Data excerpts
━━━━━━━━

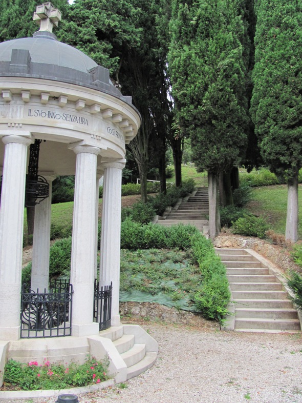 A közelben található Francesco Baracca síremléke is, akiről az elején szó volt. Ő volt az első világháború egyik legnagyobb pilótája, és valahol a környéken zuhant le élete utolsó bevetése után. A sír így néz ki:
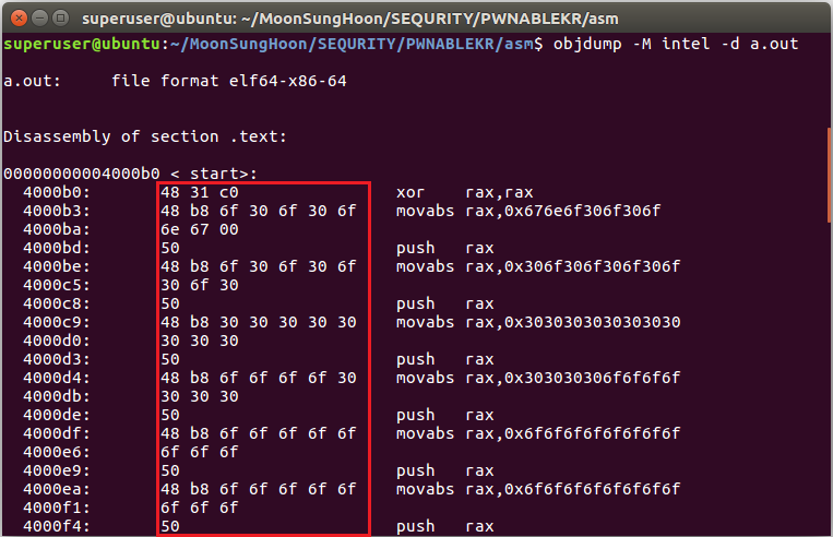 objdump를 이용하여 확인해본 결과 다음과 같은 바이트 코드들을 확인할 수 있다.
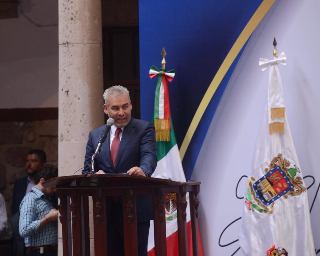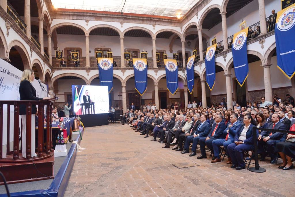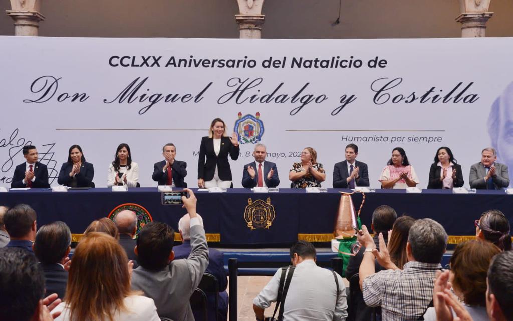 “Reitero que caminaré con ustedes hasta lograr que la Universidad Michoacana de San Nicolás de Hidalgo supere sus problemas económicos y financieros y hasta que logremos el reconocimiento de su carácter nacional, la obtención de su presupuesto justo, pleno y suficiente, así como el establecimiento claro y preciso en la Constitución del Estado, de su autonomía”, afirmó el gobernador Alfredo Ramírez Bedolla, al asistir con la rectora Yarabí Ávila González, al acto con motivo del CCLXX Aniversario del Natalicio de Don Miguel Hidalgo y Costilla.
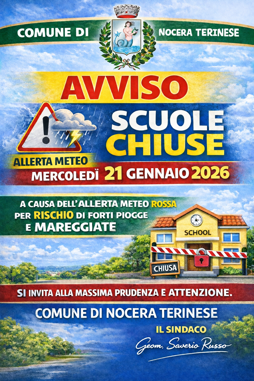 AVVISO - LA CHIUSURA DI TUTTE LE SCUOLE, DI OGNI ORDINE E GRADO PRESENTI NEL TERRITORIO DI QUESTO COMUNE
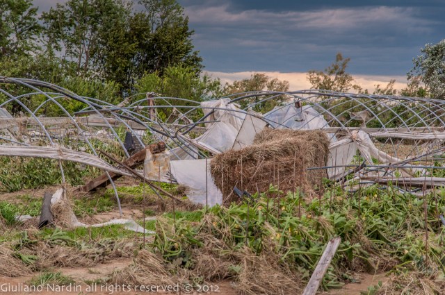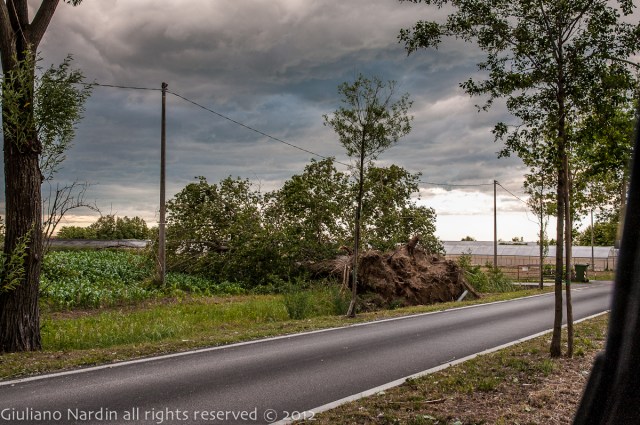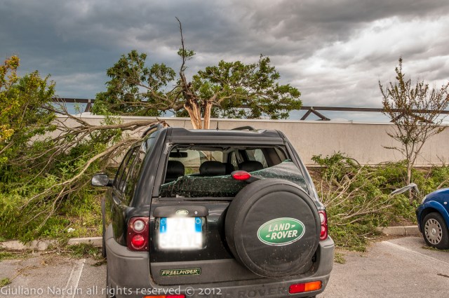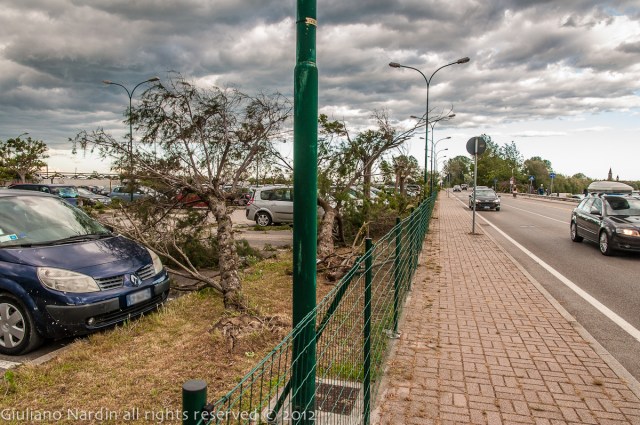 Danni da raffica verticale, provocati dalla stessa supercella in località Jesolo via roma destra all’altezza del civico 54 -56 ore 12 circa.

━━━━━━━━

--- What needs to be done ---
A word-for-word copy of the entries above is what is needed, without any images.

--- Task answer ---
 A közelben található Francesco Baracca síremléke is, akiről az elején szó volt. Ő volt az első világháború egyik legnagyobb pilótája, és valahol a környéken zuhant le élete utolsó bevetése után. A sír így néz ki:
 objdump를 이용하여 확인해본 결과 다음과 같은 바이트 코드들을 확인할 수 있다.
 “Reitero que caminaré con ustedes hasta lograr que la Universidad Michoacana de San Nicolás de Hidalgo supere sus problemas económicos y financieros y hasta que logremos el reconocimiento de su carácter nacional, la obtención de su presupuesto justo, pleno y suficiente, así como el establecimiento claro y preciso en la Constitución del Estado, de su autonomía”, afirmó el gobernador Alfredo Ramírez Bedolla, al asistir con la rectora Yarabí Ávila González, al acto con motivo del CCLXX Aniversario del Natalicio de Don Miguel Hidalgo y Costilla.
 AVVISO - LA CHIUSURA DI TUTTE LE SCUOLE, DI OGNI ORDINE E GRADO PRESENTI NEL TERRITORIO DI QUESTO COMUNE
 Danni da raffica verticale, provocati dalla stessa supercella in località Jesolo via roma destra all’altezza del civico 54 -56 ore 12 circa.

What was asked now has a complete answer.